Their work appears in the December issue of Cell Metabolism.

In humans, statin drugs inhibit an enzyme, HMG-CoA reductase, to lower blood cholesterol. What's not as well understood are the multiple layers of control for the enzyme, especially the regulatory protein Insig.

Because components of the cholesterol-regulatory system have been conserved across 400 million years of evolution, a yeast called fission yeast is a good model for delving fast and deep into molecular details of how mammalian cells regulate HMG-CoA reductase.

The Hopkins team found that in these yeast, so named because they divide in the middle, Insig also regulates HMG-CoA reductase but does it differently. In mammals, Insig degrades this enzyme - essentially destroying it - while in fission yeast, Insig inactivates the enzyme simply by promoting the attachment of a phosphate.

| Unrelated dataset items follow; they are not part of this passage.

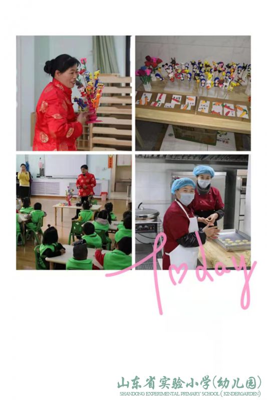 伙房帮厨曾庆玉,经她的手,面团成了千面世界,曾老师带领小朋友进行制作,共同为幼儿园环境增色彩。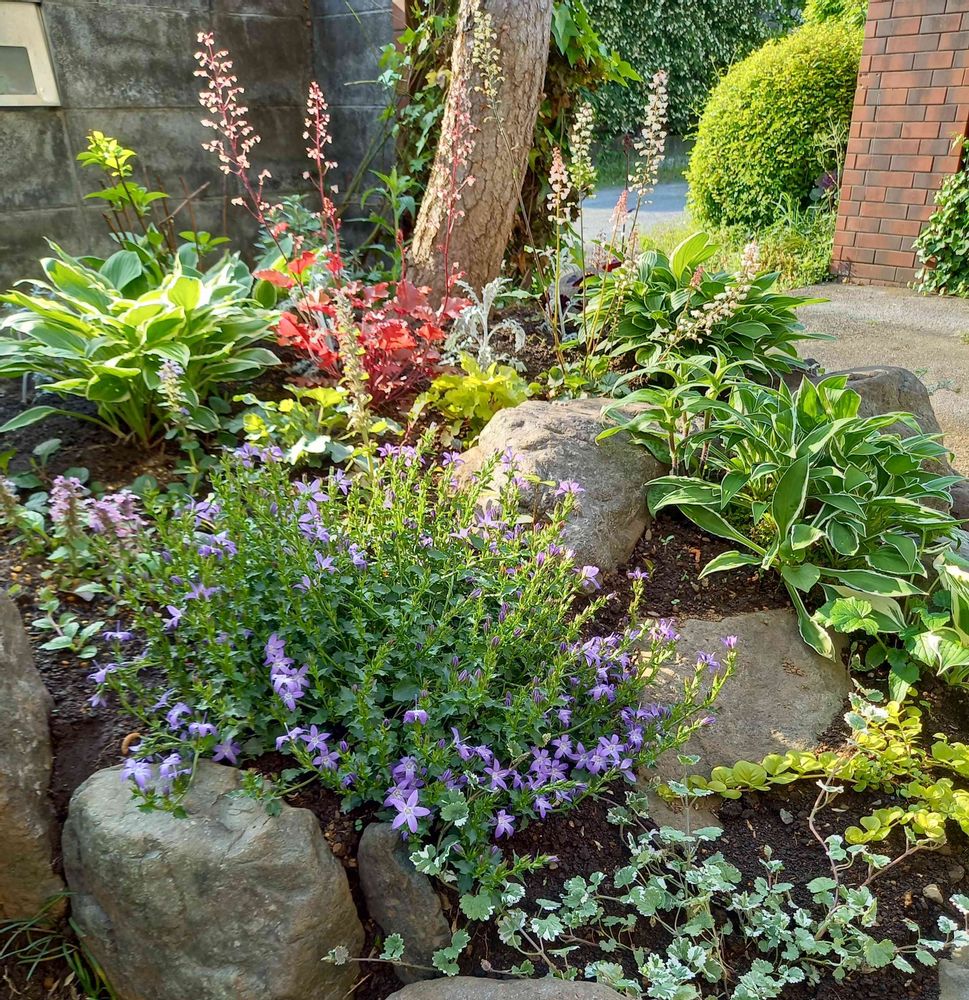アルペンブルー💙2年目なんですが鉢植えで🌿モリモリになっていたのでシェードガーデンに仲間入りさせました🌿💙まだまだ咲いてくれると思います💙💜💙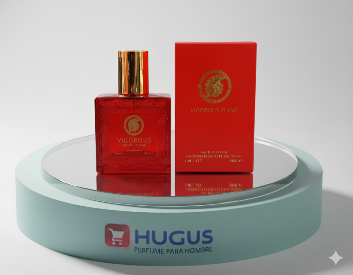 El perfume masculino Lovali Vigorous Flame EDP 100 ml es una fragancia amaderada especiada que irradia fuerza y sofisticación. Su salida combina limón, pimienta negra y romero, dando paso a un corazón de pimienta, geranio y rosa. El fondo de vainilla, haba tonka, sándalo, cedro y pachulí aporta calidez y profundidad. Ideal para el hombre seguro y elegante que busca un aroma intenso y duradero.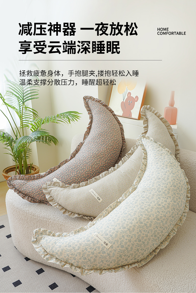 (总)蔻眠 棉麻花边款多功能月亮长抱枕夹腿抱枕芯月亮枕头,主图,棉麻月亮-碎花,棉麻月亮-光年,棉麻月亮-秘境,棉麻月亮-花簇,棉麻月亮-森屿,棉麻月亮-南栀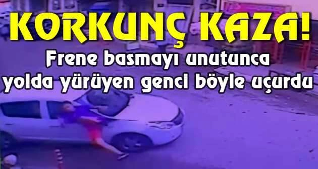Yürüdüğü sırada arkasından gelen otomobilin çarpmasıyla havaya uçan genç yaralanıp şoka girdi. Kazanın oluş anı kadın sürücünün kullandığı otomobilin ardında seyreden bir başka otomobilin kamerası ile çevredeki bir iş yerinin güvenlik kamerasına anbean yansıdı. Edinilen bilgiye göre kaza Osmangazi ilçesi Tahtakale Mahallesi, Veziri Cadde üzerinde meydana geldi. Kuştepe istikametinden Pınarbaşı mezarlığını 2 ye bölen cadde üzerinden yokuş aşağıya inen 16 LVN 90 plakalı Dacia Sandero marka otomobilin sürücüsü A.S.Ş., fren yerine gaza basınca araç yokuş aşağıya hızlandı. Veziri cami önünde aynı hızla viraja giren otomobil önce yol kenarında yürüyen 18 yaşlarındaki Fatih Türk'e çarpıp 5 metre ileriye fırlattı. Aynı otomobil daha sonra park halindeki 16 L 3444 ve 16 ACZ 043 plakalı iki ayrı otomobile daha çarparak durabildi. Çarpmanın etkisiyle havaya uçan Fatih Türk yaralandı. Şoka giren gence ilk müdahaleyi mahalleli yaptı, İhbar üzerine olay yerine gelen 112 sağlık ekipleri gencin tedavisini olay yerinde yapıp daha sonra hastaneye götürdü. Olayla ilgili tahkikat başlatan polis ekipleri kadın sürücüyü ifadesine başvurmak üzere polis merkezine götürdü. Diğer araç sürücülerinin şikayeti üzerine trafik polisleri kazayla ilgili tutanak tuttu. Olayın görgü tanıklarından Hakan Eniştekin ise, kadın sürücünün yokuş aşağı çok hızlı geldiğini belirterek, Kadın araçtan aşağıya indiğinde şoktaydı. Ne olduğunu anlatamadı. Çocuğu arkasından çarpıp 5 metre havaya uçurdu. Çocuk yere düştüğünde ağzından kan geliyordu. Boğazına kaçmasın diye yan çevirdik. İlk müdahaleyi burada bir sağlıkçı vardı o yaptı ardından ambulans geldi hastaneye götürdü. Sürücü kadınında daha sonra eşi geldi polislerle birlikte karakola gittiler" diye konuştu.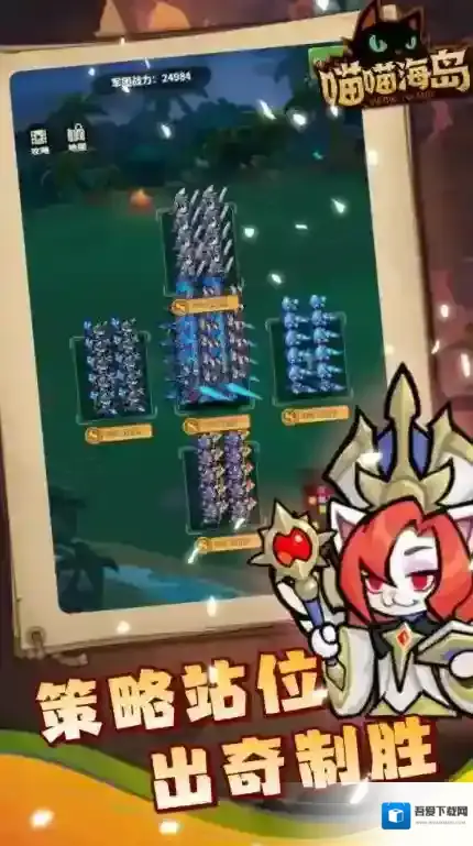 喵喵海岛,一款主打放置轻松和卡牌养成的策略游戏,玩家将指挥不同的猫咪士兵来击败对手赢得胜利。在游戏中有不同种族的兵种等你去选择,丰富的猫咪士兵可以让你自由选择来组建战队,丰富的怪物boss将等你去讨伐消灭,一边战斗一边修复建筑建设你的家园,不断征战来击败所有敌人保护你的家园。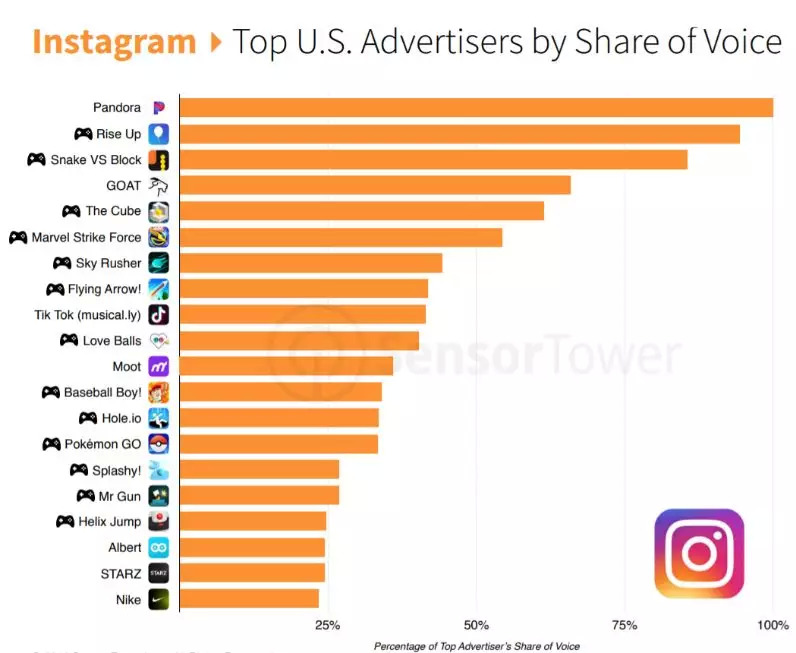 美国Instagram平台TOP20广告主占有率排名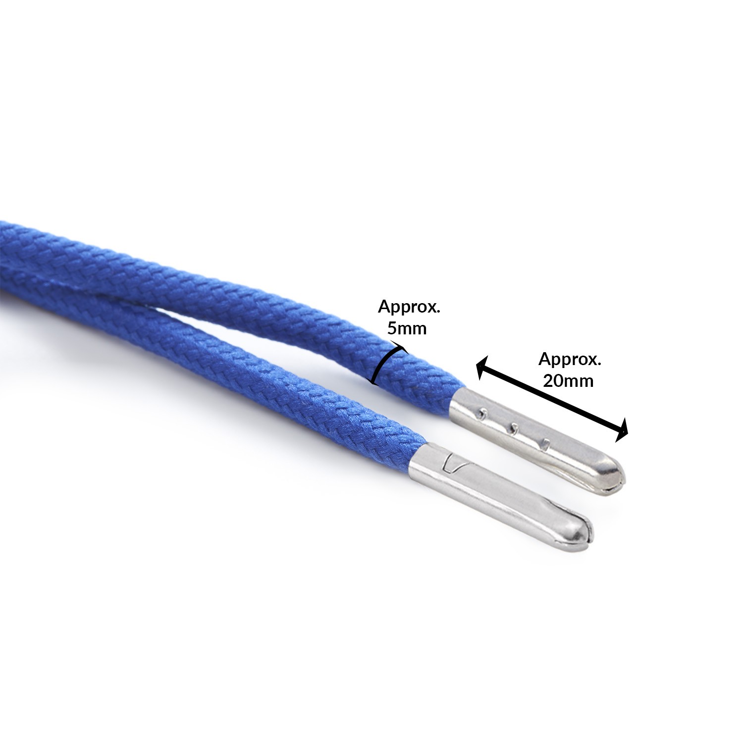 Royal Blue Round Cord Shoe Laces Silver Metal Tips for kids and adults footwear, boots trainers, and sneakers.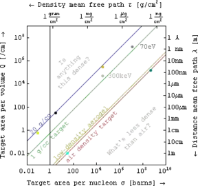 where Io is the initial flux, path length Δx ≡ x − xo, the second equality defines an interaction mean free path λ, the third uses the number of targets per unit volume η to define an area cross-section σ, and the last uses the target mass density ρ to define a density mean free path τ. Hence one converts between these quantities via Q = 1/λ = ησ = ρ/τ, as shown in the figure at left.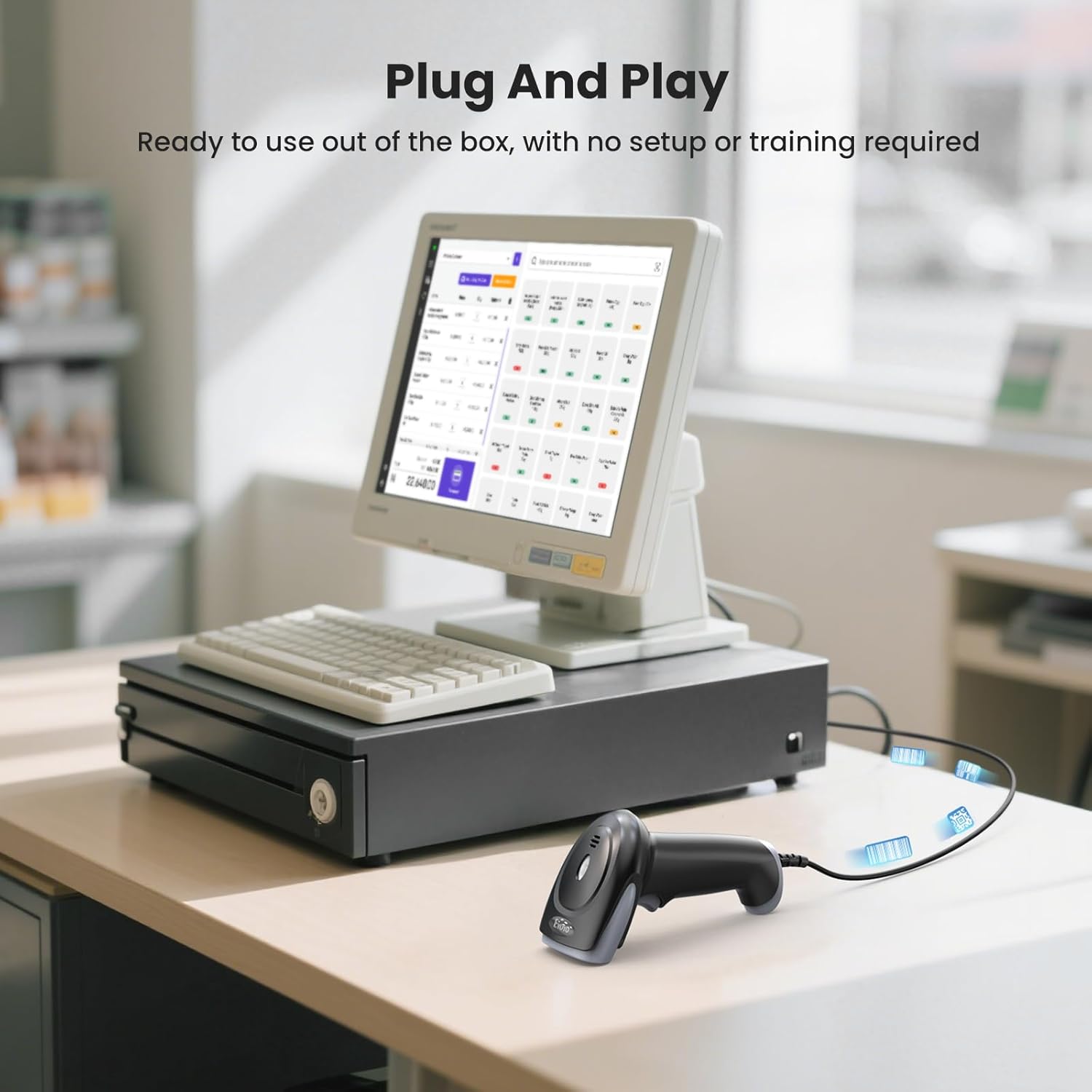 - USB Plug and Play Design: The plug-and-play design making EY-034Y usb barcode scanner provides the power to improve operational efficiencies right out of the box, virtually eliminates setup and installation hassles, and practically eliminates training requirements, employees are up and running in minutes, increased productivity from the start for faster return on investment. Compatible with Window, MacOS, Linux for your computers, laptops, PC and POS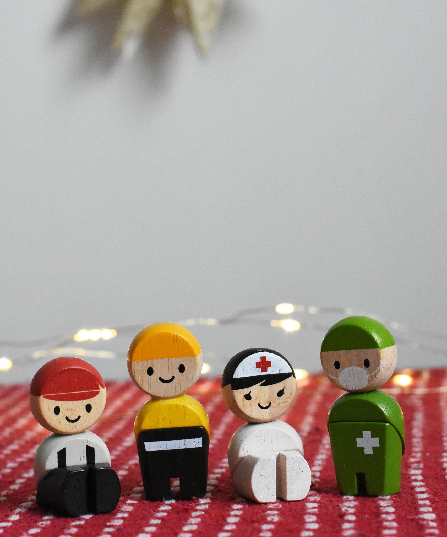 These emergency services people are hard at work every day. This set of four wooden dolls includes a surgeon, firefighter, nurse and mechanic. You can bend their legs to have them standing or sitting, and they're great for imaginative play. This set of four wooden figures is made from solid rubberwood and decorated with eco paints.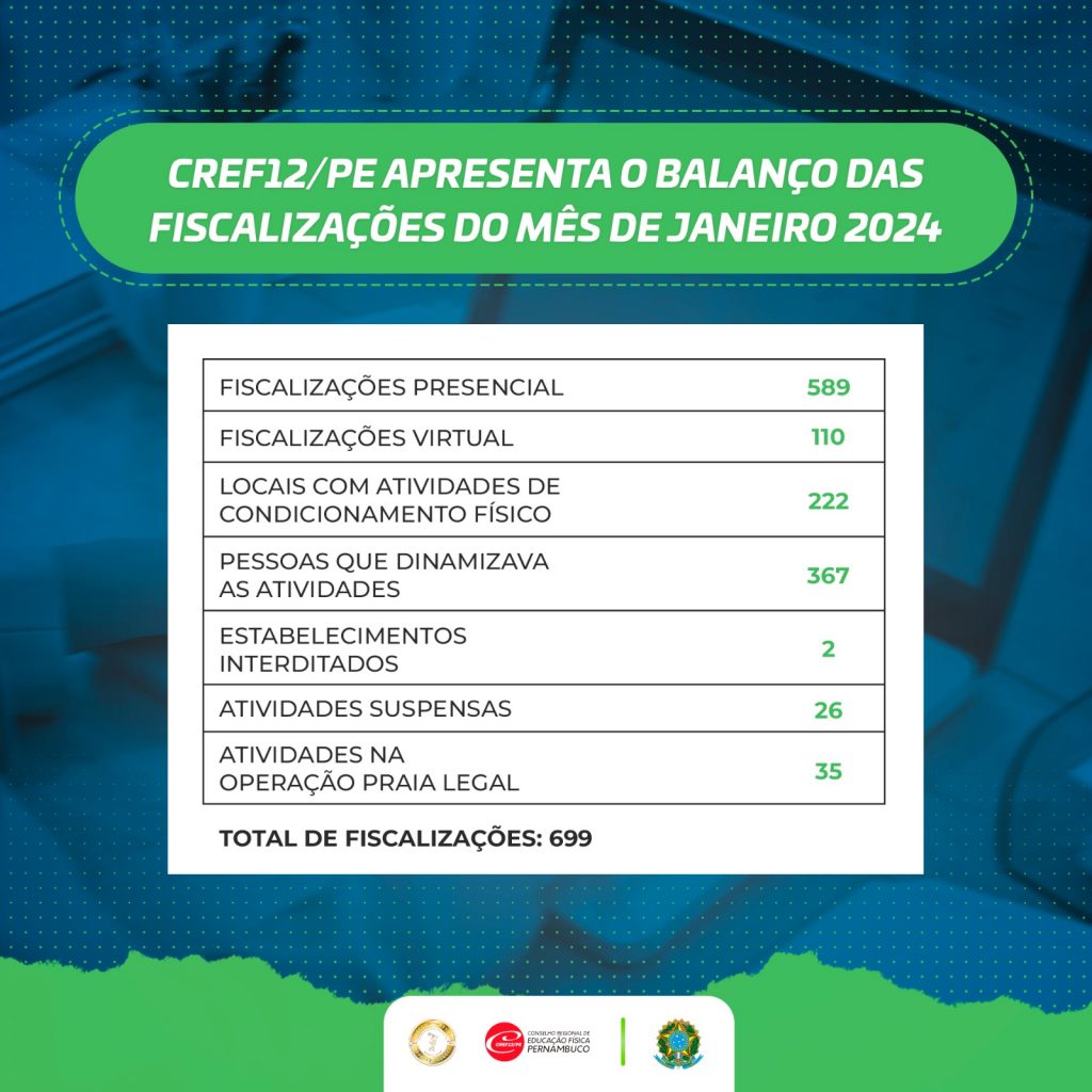 Confira o balanço do mês de janeiro do Setor de Atendimento e do Departamento de Orientação e Fiscalização do CREF12/PE.

"This is a surprising fundamental difference," says Peter J. Espenshade, a physiologist in the Department of Cell Biology and member of the Center for Metabolism and Obesity Research at the Johns Hopkins University School of Medicine.

Despite a decidedly bad rep, cholesterol has good purpose - in the right amounts and in the right places - as the raw material for the production of steroid hormones and bile acids. Cholesterol also sits in the membranes of cells, maintaining the barrier between them and their environment. But the thing that makes it most useful in cell function - its absolute inability to dissolve in water - also makes it lethal. When cholesterol accumulates in the wrong place - say, within the wall of an artery - it leads to plaque formation and atherosclerosis.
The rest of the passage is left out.